Could you print the listing again exactly, omitting the pictures?

> [Dataset excerpt]:
-*-*-

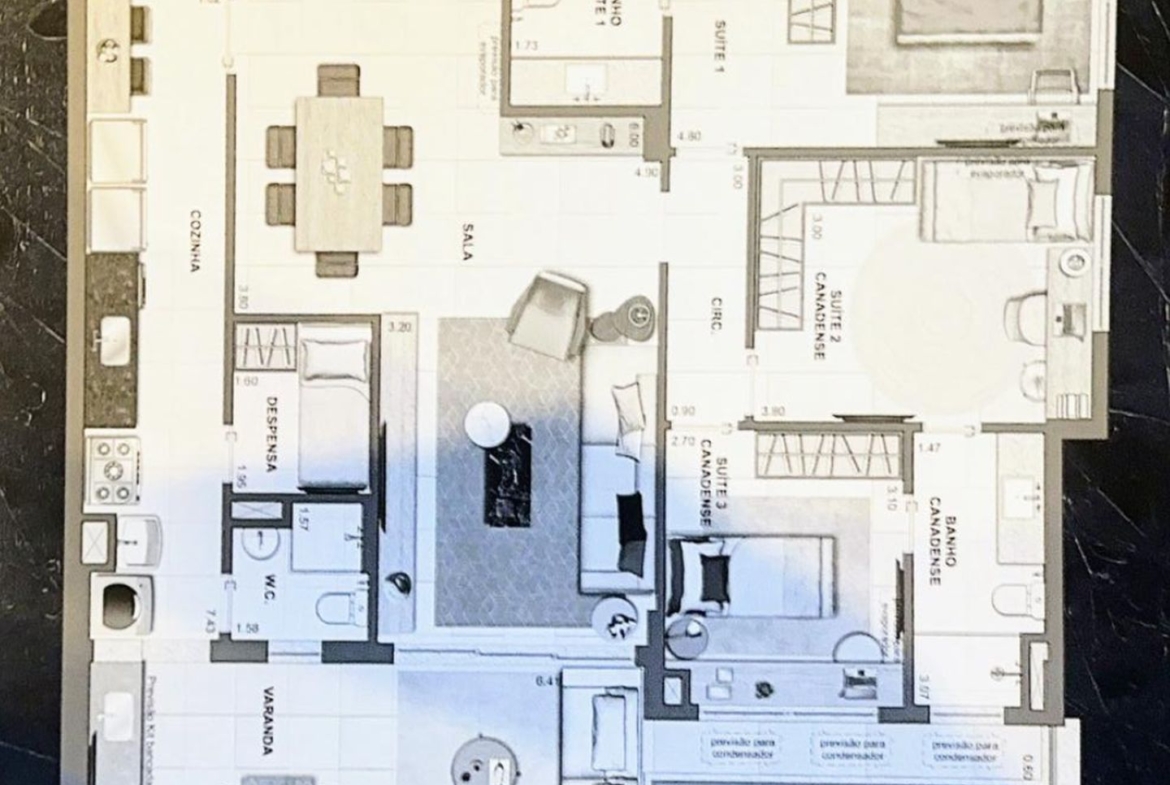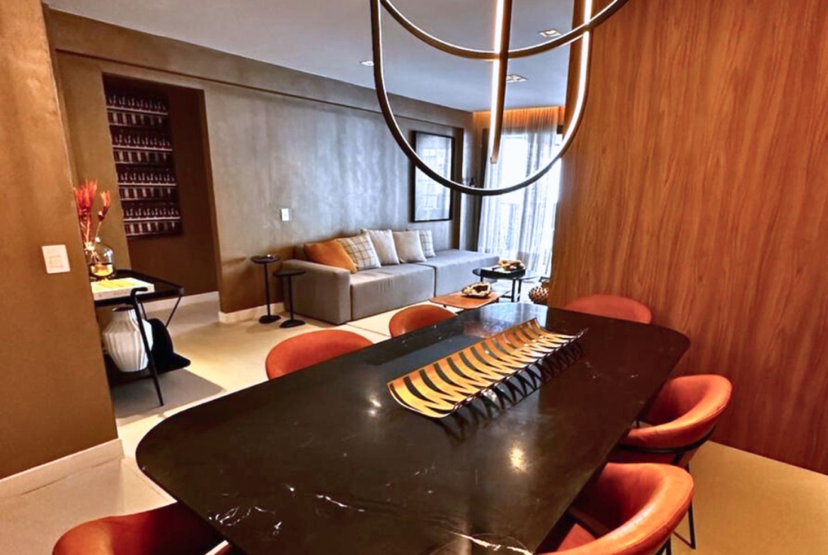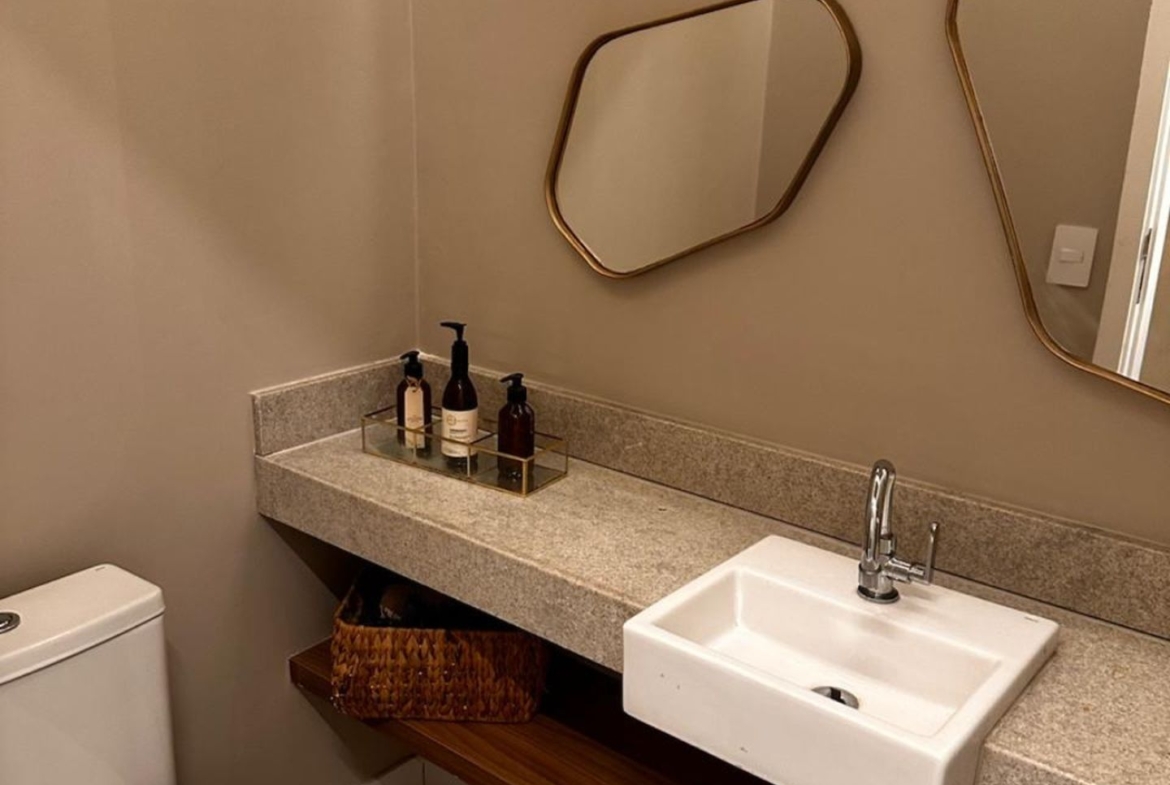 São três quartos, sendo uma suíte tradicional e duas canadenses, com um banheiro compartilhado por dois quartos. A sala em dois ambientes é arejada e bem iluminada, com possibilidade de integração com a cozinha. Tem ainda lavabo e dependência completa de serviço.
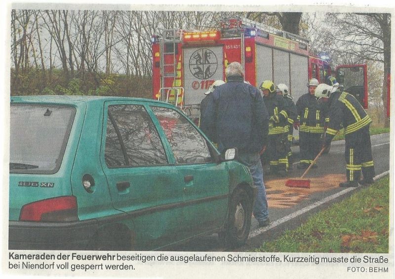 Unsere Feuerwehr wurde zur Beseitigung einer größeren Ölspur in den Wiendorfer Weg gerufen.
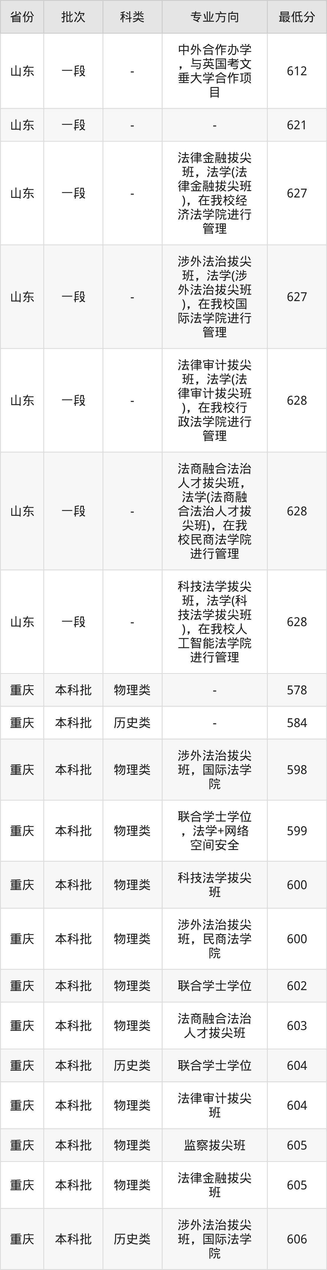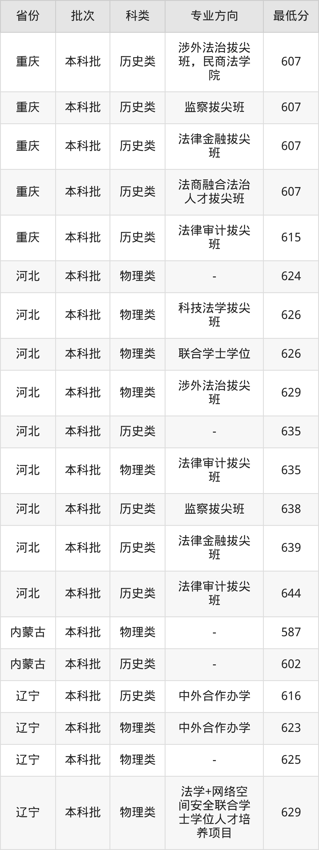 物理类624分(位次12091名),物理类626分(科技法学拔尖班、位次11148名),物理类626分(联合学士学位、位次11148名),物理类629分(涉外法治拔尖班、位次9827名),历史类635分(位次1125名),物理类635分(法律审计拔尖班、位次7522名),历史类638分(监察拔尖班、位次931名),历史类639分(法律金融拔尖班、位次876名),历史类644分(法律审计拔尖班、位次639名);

-*-*-

> [Output of the exercise]:
 São três quartos, sendo uma suíte tradicional e duas canadenses, com um banheiro compartilhado por dois quartos. A sala em dois ambientes é arejada e bem iluminada, com possibilidade de integração com a cozinha. Tem ainda lavabo e dependência completa de serviço.
 Unsere Feuerwehr wurde zur Beseitigung einer größeren Ölspur in den Wiendorfer Weg gerufen.
 物理类624分(位次12091名),物理类626分(科技法学拔尖班、位次11148名),物理类626分(联合学士学位、位次11148名),物理类629分(涉外法治拔尖班、位次9827名),历史类635分(位次1125名),物理类635分(法律审计拔尖班、位次7522名),历史类638分(监察拔尖班、位次931名),历史类639分(法律金融拔尖班、位次876名),历史类644分(法律审计拔尖班、位次639名);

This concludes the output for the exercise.